Instructions for the task =
I need an exact copy of the lines from the one containing "статьи про Линько." through the end of the records, without any pictures.

Information supplied =
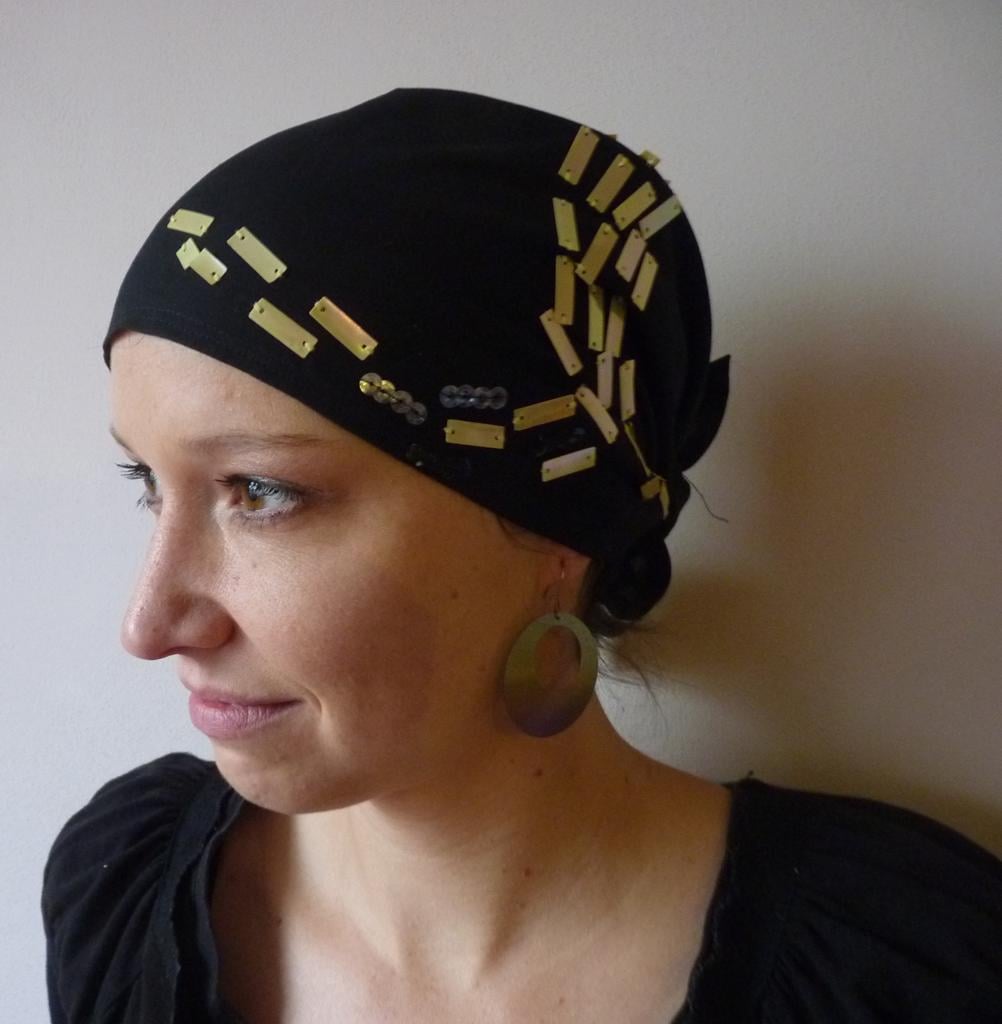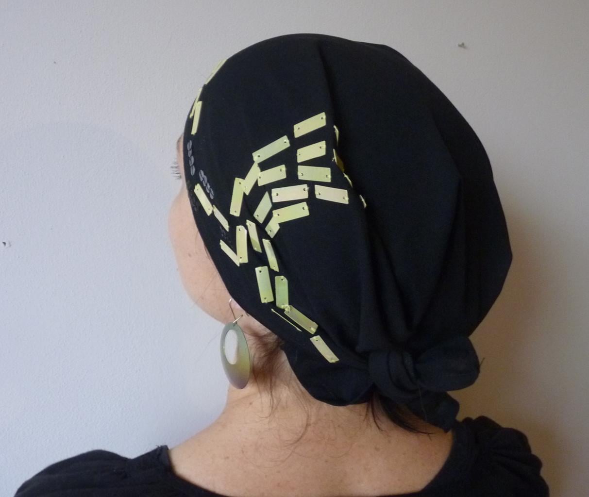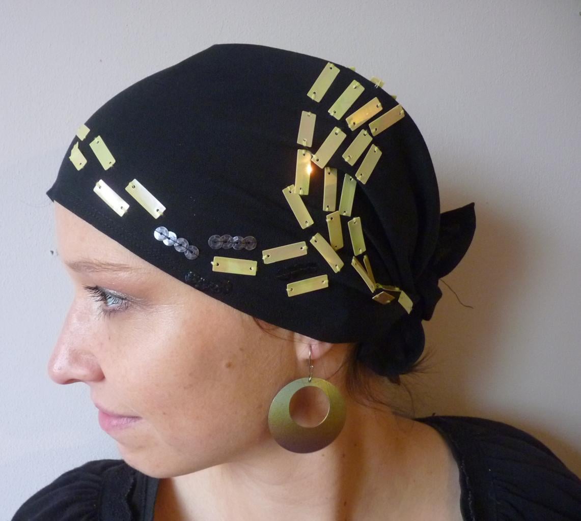 Černý šátek ozdobený třpitivými flitry. První nemalovaný šátek z naší dílny. Šátek posíláme v dárkové krabičce, takže je možné jej hned věnovat. Doporučujeme prát v ruce do 40°C.
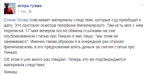 "Елена Лукаш озвучивает материалы следствия, которые суд приобщил к делу. Это протокол осмотра телефона Филипковского. Там есть моя с ним переписка. 17 мая вечером после обмена ссылками на уже опубликованную статью про Линько я ему пишу: "мы этим не занимаемся". Именно таким образом я в очередной раз отказал филипковскому в его предложении взять деньги за снятия статьи про Линько.
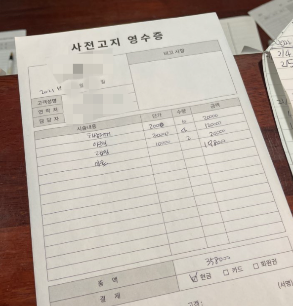 그 이유는 ‘358.000원’을 지불하라는 영수증이였다.
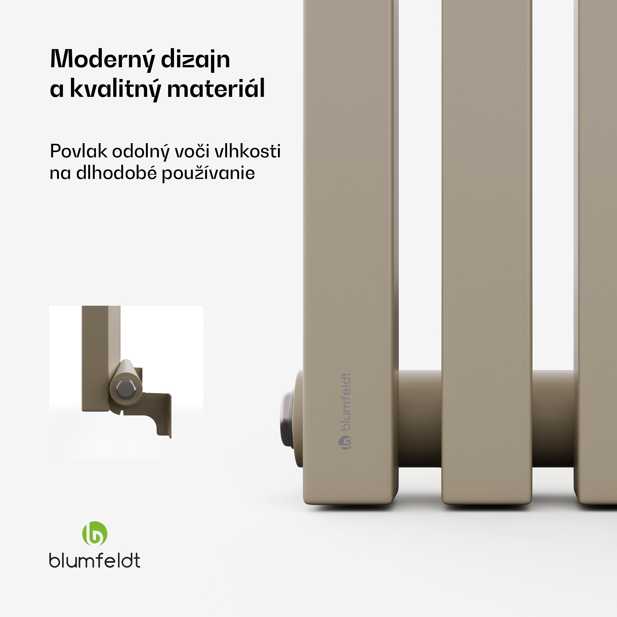 Blumfeldt Delgado radiátor kombinuje moderný dizajn s efektívnou vykurovacou technológiou. S jeho 891 wattmi zabezpečuje príjemné teplo a perfektne sa hodí do kúpeľní, obytných priestorov alebo kancelárií. Vďaka svojim vertikálnym vykurovacím trubkám ponúka Blumfeldt Delgado trubkový radiátor optimálne rozloženie tepla, ktoré rýchlo a rovnomerne vyhreje každú miestnosť. Stredové pripojenie umožňuje jednoduchú integráciu do systému teplej vody. Vyrobený z kvalitnej ocele s tepelnou odolnou práškovou farbou presviedča svojou dlhovekosťou a ľahko udržiavateľnými povrchmi. Vďaka štíhlemu, priestorovo úspornému dizajnu je radiátor ideálny pre rôzne koncepcie priestorov. Nezáleží na tom, či v obývačke, kancelárii alebo kúpeľni – Delgado spája funkčnosť s nadčasovým štýlom. Objednajte si teraz Blumfeldt Delgado radiátor a čoskoro zažite efektívne teplo v modernom dizajne!
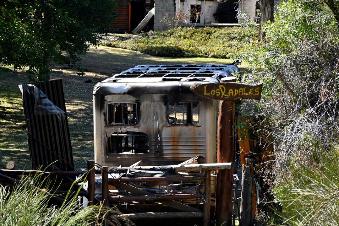 Hoy en el predio de la última tierra usurpada, propiedad de Luis Dates, la tranquera de madera del acceso, ubicada a unos metros de la ruta 40, se encontraba cerrada. En el lugar se colocó una chapa negra y se arrimó la casilla calcinada -que pertenecía a Gendarmería Nacional- que fue afectada por el incendio del domingo a la noche.
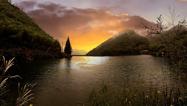 大巴行駛?cè)胗啻?,透過(guò)車窗看天空,云紗霧幔,樹木浩渺,低低的山峰在浮云中若隱若現(xiàn),景色極美。車上的攝影愛(ài)好者早已被余村景色吸引住,下車合影留念后就當(dāng)即開(kāi)始調(diào)試取景。
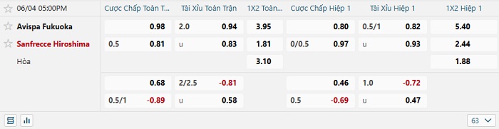 Tip kèo Châu Á hiệp 1 Avispa vs Sanfrecce Hiroshima

Exercise solution =
 "Елена Лукаш озвучивает материалы следствия, которые суд приобщил к делу. Это протокол осмотра телефона Филипковского. Там есть моя с ним переписка. 17 мая вечером после обмена ссылками на уже опубликованную статью про Линько я ему пишу: "мы этим не занимаемся". Именно таким образом я в очередной раз отказал филипковскому в его предложении взять деньги за снятия статьи про Линько.
 그 이유는 ‘358.000원’을 지불하라는 영수증이였다.
 Blumfeldt Delgado radiátor kombinuje moderný dizajn s efektívnou vykurovacou technológiou. S jeho 891 wattmi zabezpečuje príjemné teplo a perfektne sa hodí do kúpeľní, obytných priestorov alebo kancelárií. Vďaka svojim vertikálnym vykurovacím trubkám ponúka Blumfeldt Delgado trubkový radiátor optimálne rozloženie tepla, ktoré rýchlo a rovnomerne vyhreje každú miestnosť. Stredové pripojenie umožňuje jednoduchú integráciu do systému teplej vody. Vyrobený z kvalitnej ocele s tepelnou odolnou práškovou farbou presviedča svojou dlhovekosťou a ľahko udržiavateľnými povrchmi. Vďaka štíhlemu, priestorovo úspornému dizajnu je radiátor ideálny pre rôzne koncepcie priestorov. Nezáleží na tom, či v obývačke, kancelárii alebo kúpeľni – Delgado spája funkčnosť s nadčasovým štýlom. Objednajte si teraz Blumfeldt Delgado radiátor a čoskoro zažite efektívne teplo v modernom dizajne!
 Hoy en el predio de la última tierra usurpada, propiedad de Luis Dates, la tranquera de madera del acceso, ubicada a unos metros de la ruta 40, se encontraba cerrada. En el lugar se colocó una chapa negra y se arrimó la casilla calcinada -que pertenecía a Gendarmería Nacional- que fue afectada por el incendio del domingo a la noche.
 大巴行駛?cè)胗啻?,透過(guò)車窗看天空,云紗霧幔,樹木浩渺,低低的山峰在浮云中若隱若現(xiàn),景色極美。車上的攝影愛(ài)好者早已被余村景色吸引住,下車合影留念后就當(dāng)即開(kāi)始調(diào)試取景。
 Tip kèo Châu Á hiệp 1 Avispa vs Sanfrecce Hiroshima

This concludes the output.